[Buildroot] [PATCH 1/1] fs/aci: Add App Container Image (ACI) support to filesystems
Arnout Vandecappelle
arnout at mind.be
Thu May 12 21:02:56 UTC 2016
Hi Brian,
Thanks for this contribution. I have a few comments though.
On 05/12/16 00:34, Brian 'redbeard' Harrington wrote:
> App Container Images (ACI) are a Linux containerization image format
> defined as a part of the AppC specification as defined by CoreOS,
> Red Hat, Google, and community members. These images consist of a Linux
> userland and a JSON metadata file describing how to execute the actual
> runtime.
>
> This filesystem package utilizes Buildroot for the generation of
> the userland and provides the user with a mechanism for configuring the
> contents of the manifest file.
>
> Signed-off-by: Brian 'redbeard' Harrington <redbeard at coreos.com>
> ---
> fs/Config.in | 1 +
> fs/aci/Config.in | 72 ++++++++++++++++++++++++++++++++++++++++++++++++++++++++
> fs/aci/aci.json | 34 ++++++++++++++++++++++++++
> fs/aci/aci.mk | 70 ++++++++++++++++++++++++++++++++++++++++++++++++++++++
> 4 files changed, 177 insertions(+)
> create mode 100644 fs/aci/Config.in
> create mode 100644 fs/aci/aci.json
> create mode 100644 fs/aci/aci.mk
>
> diff --git a/fs/Config.in b/fs/Config.in
> index 51ccf28..1c468c5 100644
> --- a/fs/Config.in
> +++ b/fs/Config.in
> @@ -1,5 +1,6 @@
> menu "Filesystem images"
>
> +source "fs/aci/Config.in"
> source "fs/axfs/Config.in"
> source "fs/cloop/Config.in"
> source "fs/cpio/Config.in"
> diff --git a/fs/aci/Config.in b/fs/aci/Config.in
> new file mode 100644
> index 0000000..7dcac6b
> --- /dev/null
> +++ b/fs/aci/Config.in
> @@ -0,0 +1,72 @@
> +config BR2_TARGET_ROOTFS_ACI
> + bool "Generate App Container Image (ACI)"

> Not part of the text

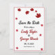 Esta elegante boda de otoño, salvo la invitación de fecha, es perfecta para un boda moderno de otoño. El diseño es sencillo, con hojas en caída burdeos y una tipografía elegante en negro y borgoña sobre un fondo blanco.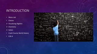 This document summarizes Amelia Payne's spring term exhibition at the Weiss Lab in 2015. It describes some of the classes Amelia took, including Visualizing Algebra, Chemistry, and Italian. It then discusses several projects Amelia worked on at the lab, including harvesting mouse lungs, photographing microscopy slides, testing the pH of washes, and investigating a sodium deoxycholate mystery. The document provides details on these projects and what Amelia learned, such as how to take microscope photos, test pH, and interact with coworkers. It concludes with a thank you to those who helped Amelia learn and a Q&A section.

We tend to keep our config prompts terse, and lowercase. So:
bool "app container image (aci)"
> + default y
This should _definitely_ not default to y.

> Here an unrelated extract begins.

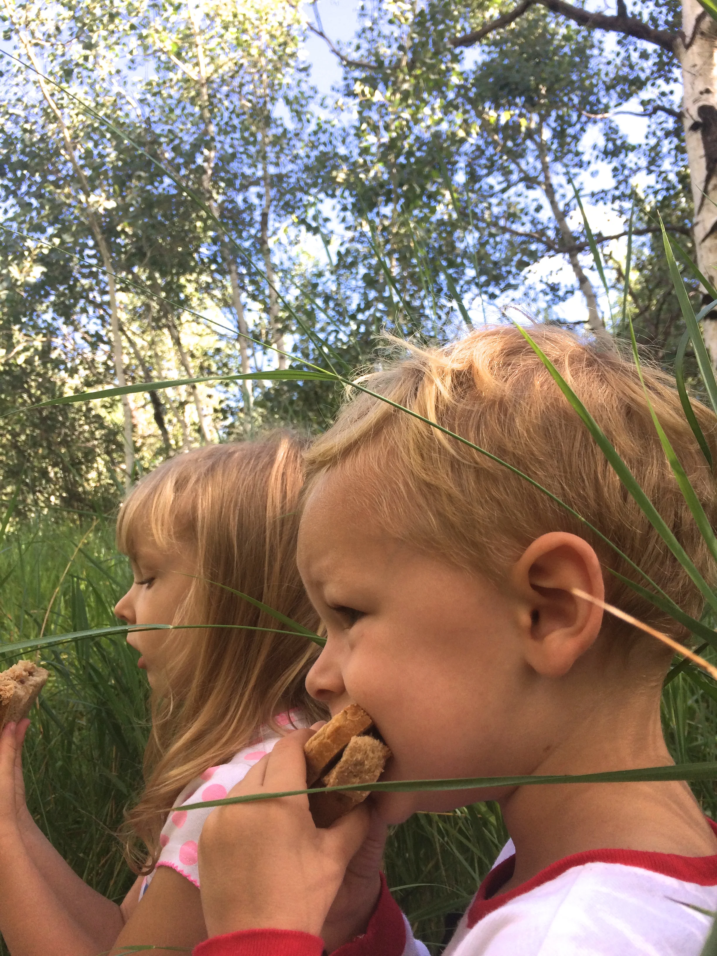We used to get up early and go on "pajama hikes" in ABQ 1) because it was too hot to hike unless you went first thing, and 2) because I am terrible at getting people out of the house in a timely manner, and not having to get dressed hugely speeds up the process. This was our first pajama hike in Steamboat, up the ravine behind our house to this beautiful grove of aspens, grass tall, birds chirping. Kids are such good hikers and they took an AMAZING nap this afternoon...

> + select BR2_PACKAGE_HOST_JQ
See below about jq.
> + help
> + Build an App Container Image for use with a Linux
> + containerization engine like rkt, Kurma, 3ofCoins, nosecone,
> + etc.
> +
> +choice
> + prompt "Compression method"
> + default BR2_TARGET_ROOTFS_ACI_NONE
> + depends on BR2_TARGET_ROOTFS_ACI
Instead of adding a depends on, add an if around everything.
> + help
> + Select compressor for application container image
> +
> +config BR2_TARGET_ROOTFS_ACI_NONE
> + bool "no compression"
> + help
> + Do not compress the ACI.
> +
> +config BR2_TARGET_ROOTFS_ACI_GZIP
> + bool "gzip"
> + help
> + Do compress the ACI with gzip.
> +
> +config BR2_TARGET_ROOTFS_ACI_BZIP2
> + bool "bzip2"
> + help
> + Do compress the ACI with bzip2.
> +
> +config BR2_TARGET_ROOTFS_ACI_LZMA
> + bool "lzma"
> + help
> + Do compress the ACI with lzma.
> +
> +config BR2_TARGET_ROOTFS_ACI_LZO
> + bool "lzo"
> + help
> + Do compress the ACI with lzop.
> +
> +config BR2_TARGET_ROOTFS_ACI_XZ
> + bool "xz"
> + help
> + Do compress the ACI with xz.
> +
> +endchoice
> +
> +config BR2_TARGET_ROOTFS_ACI_OPTIONS_NAME
> + string "Name of the ACI image (e.g. example.com/my_app)"
string "image name"
Also I'd add a default, e.g.
default "buildroot"
We don't currently have (build) tests of the filesystems, but it's a lot
easier to add tests if a default configuration just works.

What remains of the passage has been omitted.